Start of SUPPLIED INFORMATION

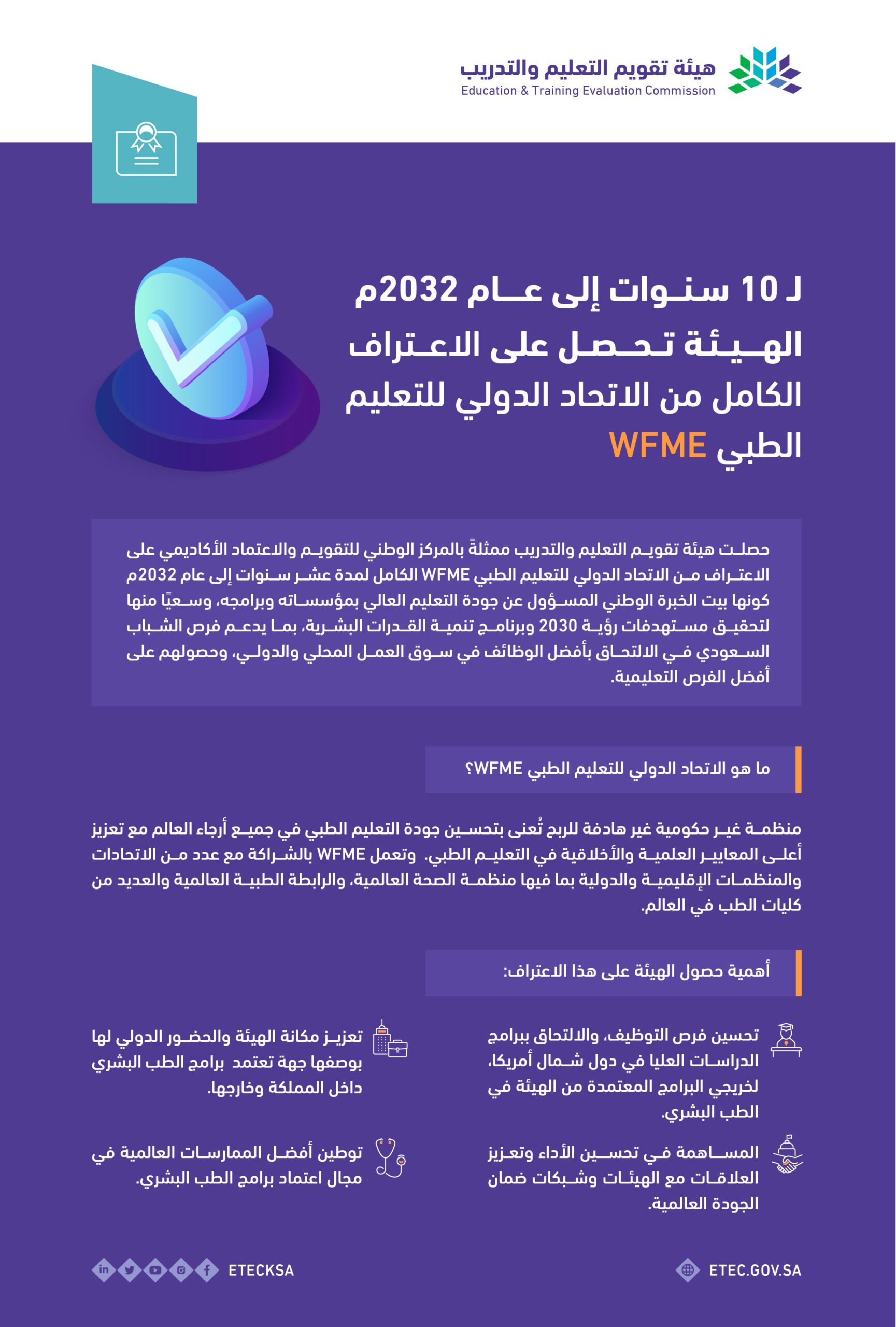 حصلت هيئة تقويم التعليم والتدريب،ممثلة بالمركز الوطني للتقويم والاعتماد الأكاديمي “اعتماد”، على اعتراف كامل من الاتحاد العالمي للتعليم الطبي (WFME) لمدة عشر سنوات إلى عام 2032م، وذلك بعد مرورها بتقييم شامل لعمليات الاعتماد الأكاديمي لبرامج الطب متضمنة معايير الاعتماد وسياساته وإجراءاته المطبقة، وتشكيل فرق المراجعة وجودتها ومناسبة خبرات المشاركين فيها، وآليات اتخاذ القرار ومصداقيته ودقة أحكامه.
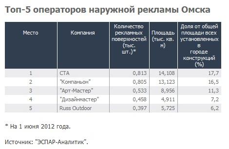 В Сибири и на Урале формируется свой лидер в наружной рекламе. Новосибирский оператор 'Дизайнмастер', уже занимающий по количеству рекламных поверхностей пятое место в России, объединился с также расположенным в Новосибирске 'Артбизнеслайном'. Кроме этого, компания могла получить рекламные поверхности омского оператора 'Арт-Мастер'.
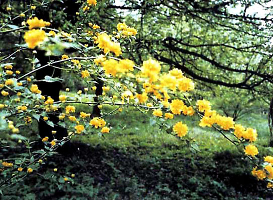 Надзвичайно гарна квітуча алея з хеномелесів (Chaenomeles japonica Lindl. та Chaenomeles maulei (Mast.) C.K. Snheid.) – починаючи з кінця квітня; трохи пізніше милують око білосніжні хмаринки цвіту Екзохорд (Exochorda Lindl.) та жовті китиці Керіі японської махровоквіткової. З початку травня екзотичні яблуні, вишні та груші, завдяки пурпуровим листкам в окремих та білорожевим численним квітам. А таволги квітують починаючи з ранньої весни (білоквіткові) до кінця літа (рожевоквіткові). Окрім цього, серед них можна побачити гарні декоративні форми з різним забарвленням та формою листків як навесні, так під час осінньої зміни кольорів. (Таволга японська золотиста, т.я. золотисте полум’я, т.я. широколиста). Також серед них є як карликові (сланкі) – близько 20 – 30 см, так і великі кущі – до 4 – 5 м заввишки.
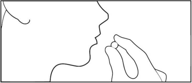 6. Svelg tabletten(e) med vann. Tablettene må svelges hele og ikke tygges eller løses opp i munnen. Hudkontakt bør begrenses. Unngå å røre ved nesen, øynene eller andre deler av kroppen.
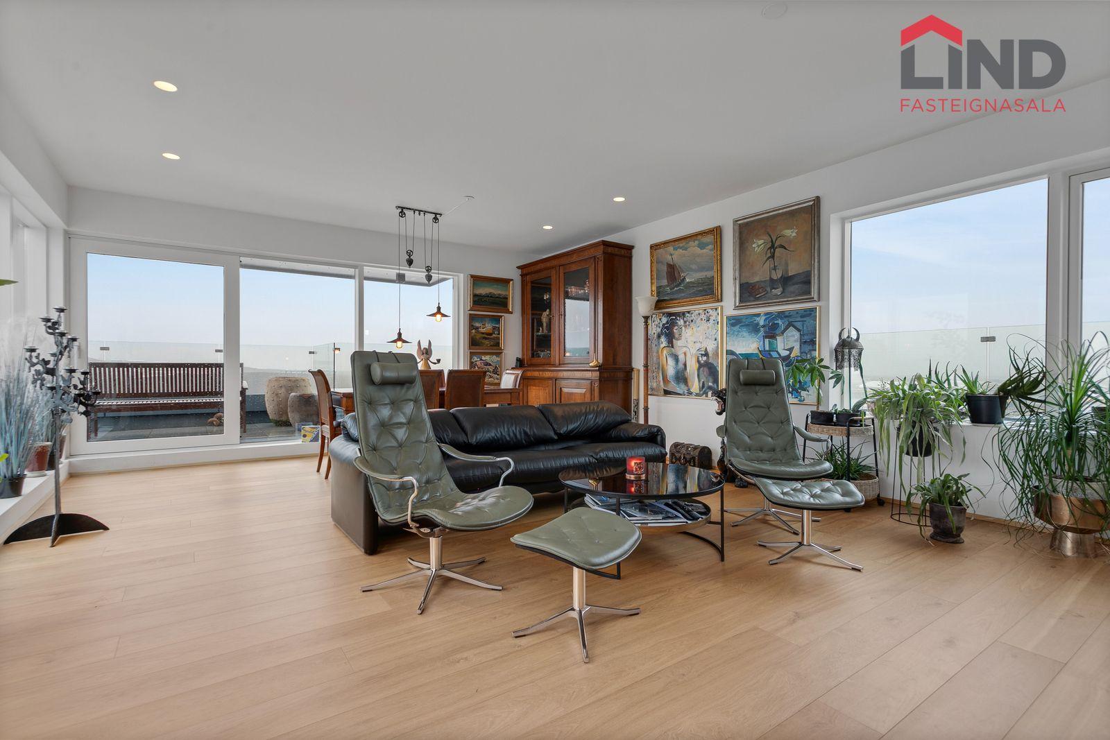 Stofa og borðstofa: Rúmgóðar og bjartar, útsýni úr öllum gluggum, útgengt út á þaksvalir með einstöku útsýni.
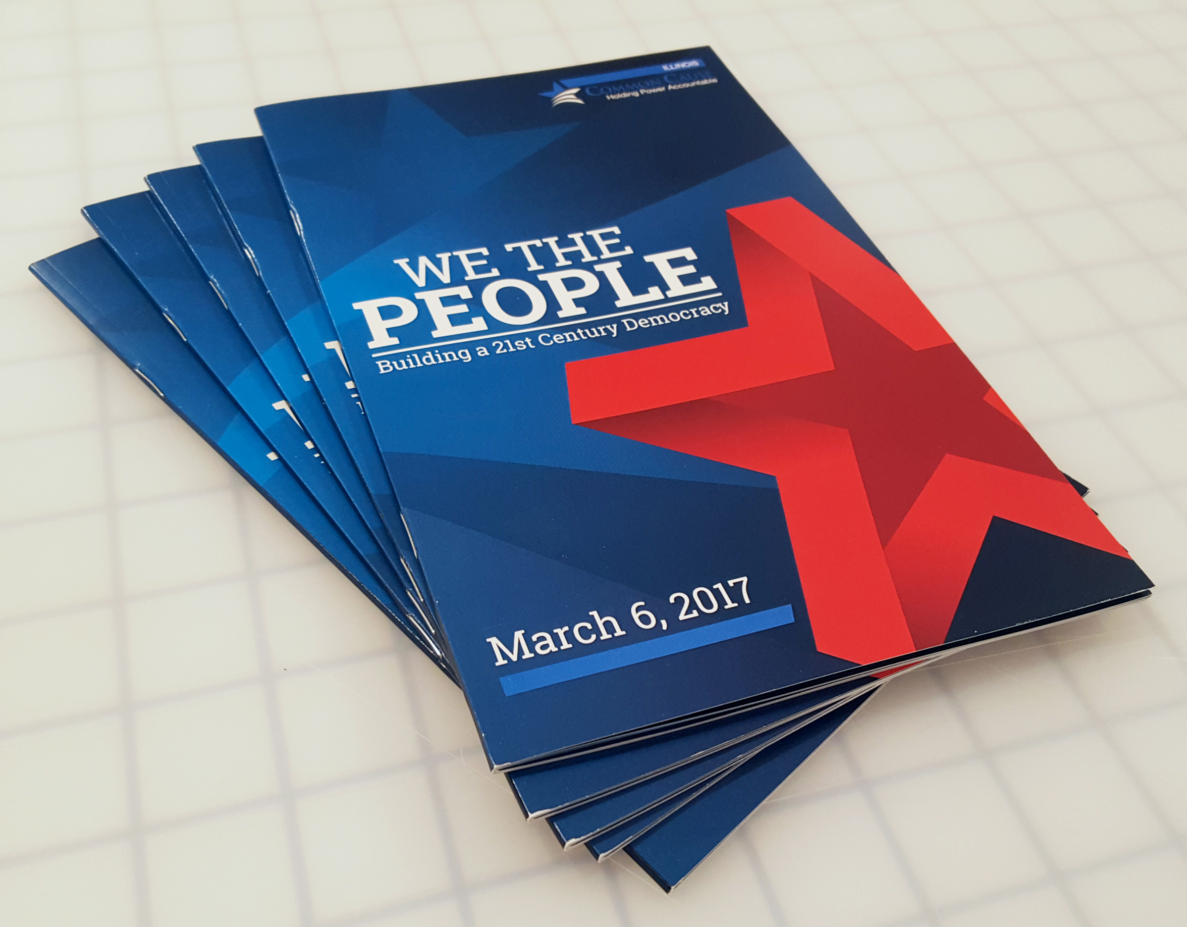 Developed collateral for non-profit organization, Common Cause. Theme to design around was "We The People". Bold, contrasting colors and a slab typeface accompany eye-moving design elements to keep viewers interested while being informed.
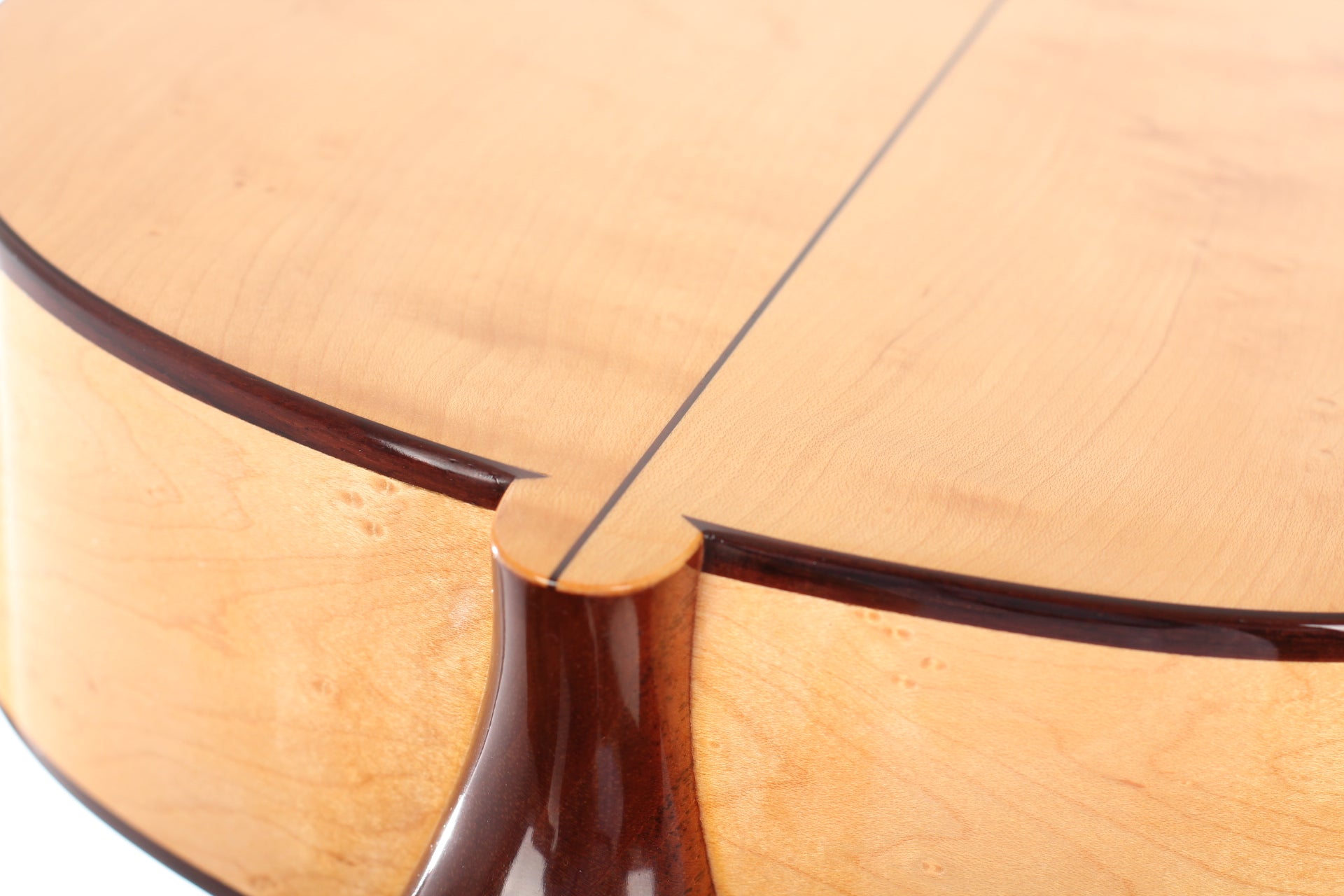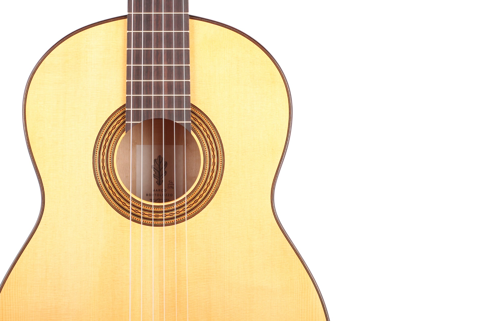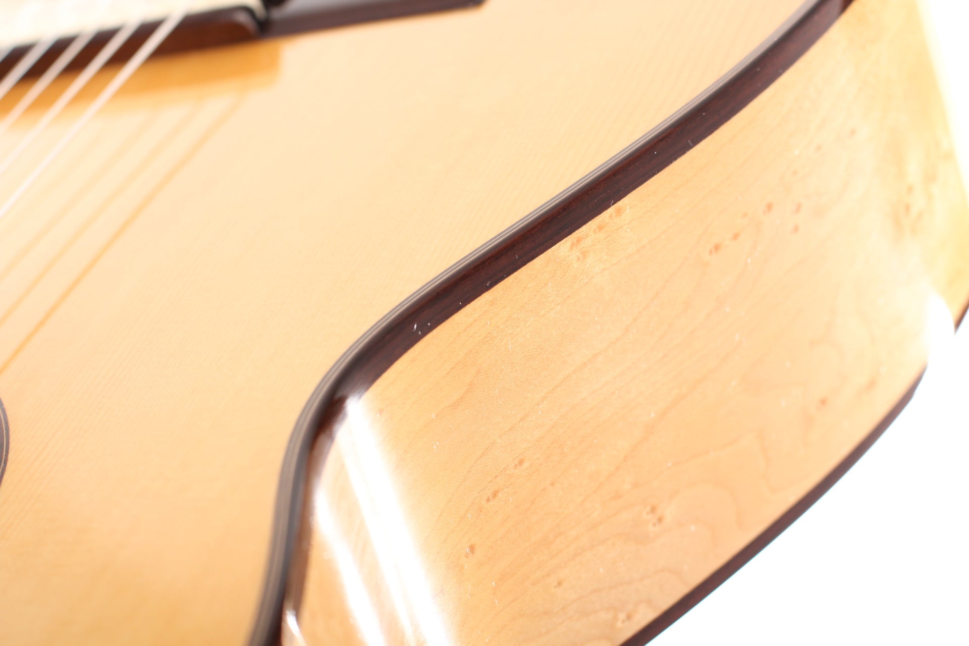 Since 2010 Marco Bortolozzo has built traditional classical guitars. This beautiful instrument is based on the template of the famous Torres FE09 and is decorated in the same style. The FE09 became famous because it was Miguel Llobet’s preferred guitar. This Bortolozzo guitar is very light and has a beautiful timbre as well as a gorgeous warm old world sound. The soundboard is made of spruce, is about 1,7-1,8 mm thick and has a traditional Torres fan bracing. The sides and the back are made of beautiful bird’s eye maple. It is all shellac French polished. The tuners are made by Alessi. Comes with a Hiscox Pro II case.

End of SUPPLIED INFORMATION

### PROBLEM DETAILS
Above are some records. Output exactly the lines from the one that contains "6. Svelg tabletten(e)" to the one that contains "Developed collateral for", keeping both, and omit the pictures.

### WRITTEN RESPONSE
 6. Svelg tabletten(e) med vann. Tablettene må svelges hele og ikke tygges eller løses opp i munnen. Hudkontakt bør begrenses. Unngå å røre ved nesen, øynene eller andre deler av kroppen.
 Stofa og borðstofa: Rúmgóðar og bjartar, útsýni úr öllum gluggum, útgengt út á þaksvalir með einstöku útsýni.
 Developed collateral for non-profit organization, Common Cause. Theme to design around was "We The People". Bold, contrasting colors and a slab typeface accompany eye-moving design elements to keep viewers interested while being informed.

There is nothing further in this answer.